Storming the Capitol: strange comparisons

Submitted by AWL on 12 January, 2021 - 11:13 Author: Jim Denham
Far-right protest at the Capitol

Ever since Trump’s election in 2016, there have been some on the left who’ve resisted the idea that he is anything particularly out of the ordinary in terms of US bourgeois democracy. In particular, many of these people deride any suggestion that Trump and the movement behind him can be considered fascist or “proto-fascist.”

Some of the people downplaying the Trump threat are, in fact, advocates of variants of third-period Stalinism – i.e. people who think Trump is, objectively, preferable to Hillary Clinton or Joe Biden.

It’s difficult to work out exactly where the Morning Star stands on this. The paper, like the US Communist Party, advocated a Biden vote, though regular contributor and leading Communist Party of Britain member Nick Wright argued, after the November election, that the Trump administration had been “delivering on its promises” to workers and that Biden’s victory represented a “restoration of the violent neoliberal order.”

The paper’s initial response to the storming of the Capitol was that “the most significant event... [was] the decision of Vice-President Mike Pence to throw his bloated boss overboard and line up with the Republican leadership... It was this, as much as anything else, which so enraged the mob and sharpened their sense of betrayal. In this, they have more finely tuned political instincts than the host of liberal commentators on both sides of the Atlantic who saw an existential threat to US ‘democracy’.”
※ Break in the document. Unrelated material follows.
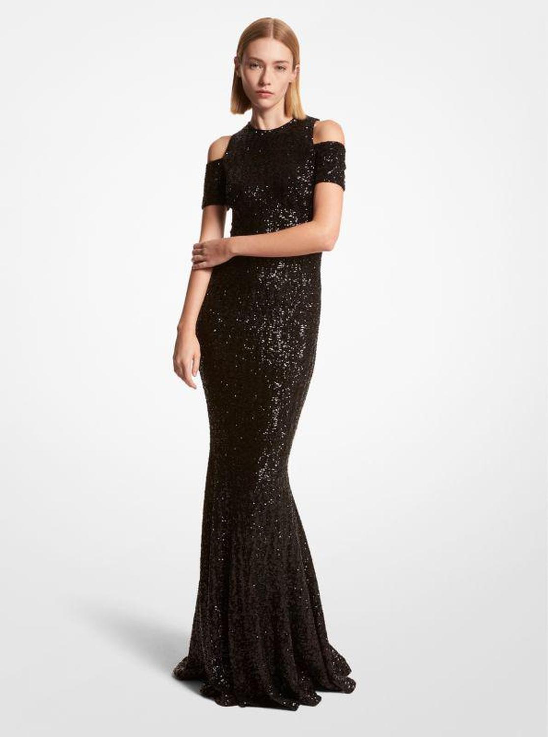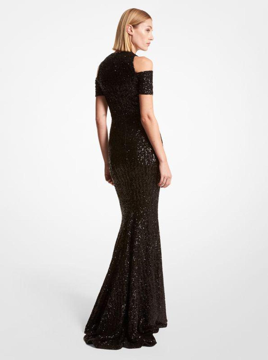 There are few things more glamorous than a shimmering gown for a formal event. Saturated in thousands of sequins that reflect the light from every angle, this sleek version features a high, rounded neckline and alluring cutouts at the shoulders. The back includes a fishtail train and concealed zip closure. Complete the look with striking stilettos and understated jewelry. Made in Italy. • Gown • Stretch • 68% polyester/9% polyamide/3% elastane • Lining: 82% polyester/18% elastane • Zip fastening • Dry clean • Made in Italy • Gown • Stretch • 68% polyester/9% polyamide/3% elastane • Lining: 82% polyester/18% elastane • Zip fastening • Dry clean • Made in Italy
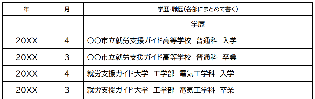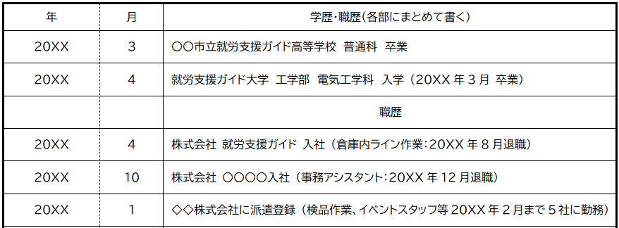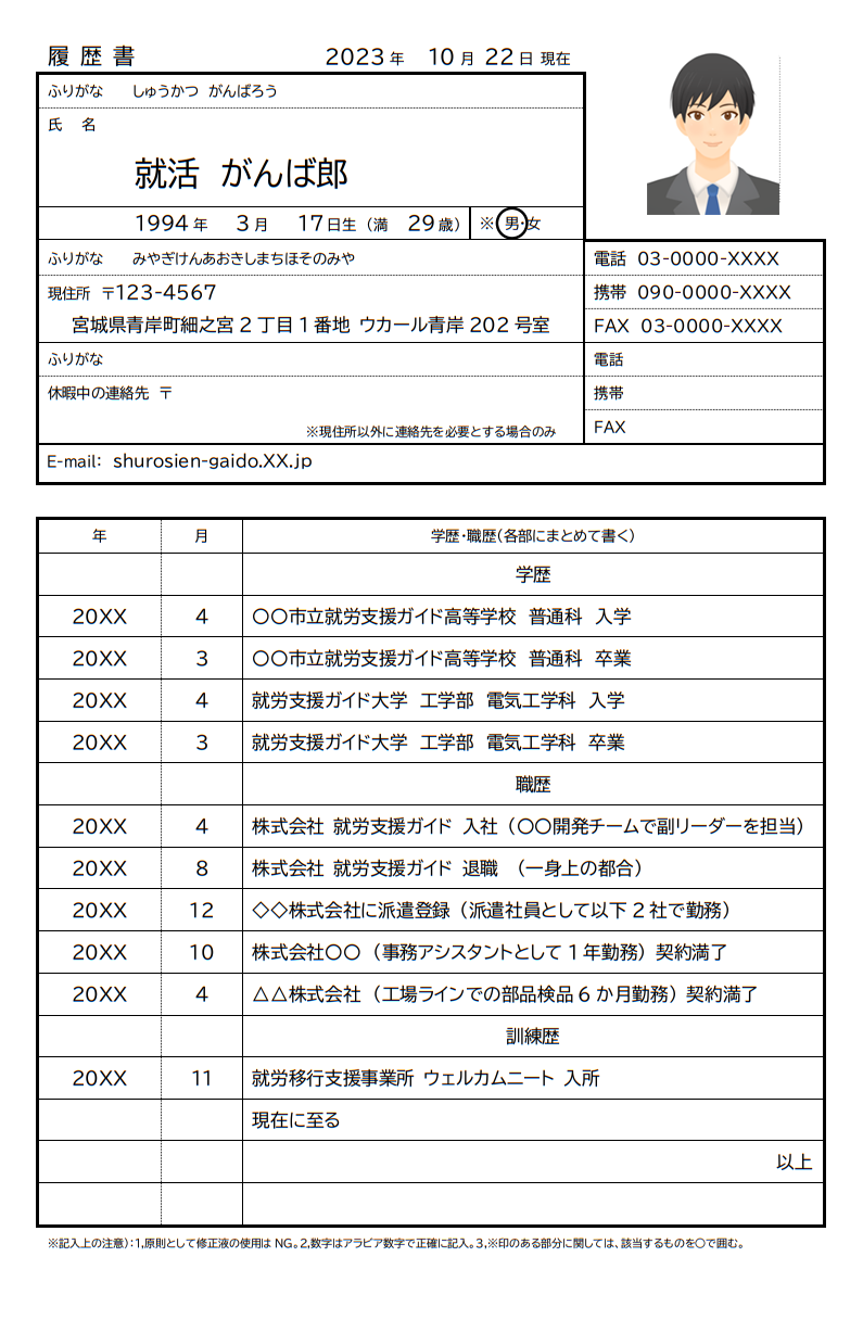 ↓「基本情報」「学歴・職歴・訓練歴」の見本

The same editorial (8 January) went on to make some comparisons, the first with Boris Yeltsin in 1993, when he ordered tanks to fire on the Russian Parliament. The editorial describes that as “a real challenge to elected authority and constitutional order”, which it undoubtedly was. But the editorial neglects to inform us that this came after the Speaker and the Vice President incited armed gangs of protesters to attack the Ostankino television studio, the centre of Russia’s broadcast media, and the Moscow mayor’s office, as part of a campaign to overturn democratic reforms and return to Stalinist authoritarianism. That, of course, the real reason why the Morning Star hates Yeltsin. It’s also worth noting that for all the huge amount that must be said against him, Yeltsin was the first (and so far only) Russian leader to voluntarily give up power.

Next comes the extraordinary claim that “liberal opinion is reflected in a media that cheers on such manifestations if they are contrived in places like Hong Kong, which has a police force more responsive to elected authority than Washington DC, or Venezuela, where to become president requires a majority of votes.”

The grotesque comparison with Hong Kong should come as no surprise, given the paper’s unquestioning support for the Chinese state and its puppets in Hong Kong, but the reference to Venezuela is, perhaps, a little more appropriate (though not for the reason the Morning Star intended).

Despite Trump’s attempts to oust Venezuelan president Maduro, the two have a remarkably similar attitude to democracy: Maduro fraudulently manufactured a victory in May 2018 and then went on to ensure that prior to the December 2020 National Assembly election, the pro-government supreme court handed key opposition parties to politicians who were in league with him, effectively allowing the government to choose the opposition — something Trump would surely approve of.

After all this waffle and strange comparisons, the Morning Star smoothed the contradictions by concluding that none of it really matters very much: “However dangerous Trump’s emboldened fan base proves... Joe Biden’s succession was never threatened; Trump’s belated recognition of the fact was, after all, the denouement to this tragic farce.”